In 2015, the Under-21s won the 2014–15 Professional U21 Development League 2. In doing so, the under-21s became the first Swansea City Academy age-group to win an English national development trophy.

Ahead of the 2015–16 season, Llewellyn took charge of the under-18s team alongside Eric Ramsay.
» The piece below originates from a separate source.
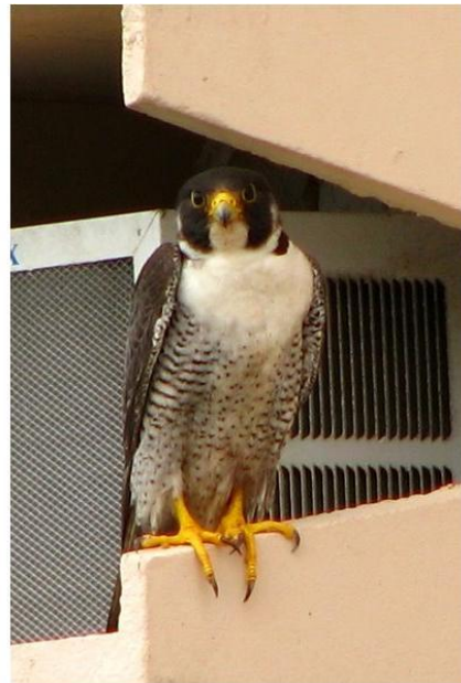
Indivíduo adulto em seu poleiro de repouso. Outubro de 2009.

Em ambientes urbanos, o F. peregrinus costuma pousar em poleiros altos, como torres de celulares, prédios altos com colunas de caixas de ar condicionado, catedrais com torres altas, quinas e bordas de terraços de prédios altos. Usa estes locais como poleiro de repouso e de caça. Normalmente

On 12 August 2021 Swansea City Ladies appointed Chris Llewellyn as head coach, but he left after less than a month in charge.

==International career==
He gained Welsh B and under-21 honours. He later won full honours and made his Welsh debut against Malta in 1998. He was recalled to the full Wales squad in May 2004 and come on a sub to win his 3rd cap against Norway. Llewellyn scored his first international goal for Wales against Liechtenstein in November 2006 alongside his ex Norwich City strike partner Craig Bellamy.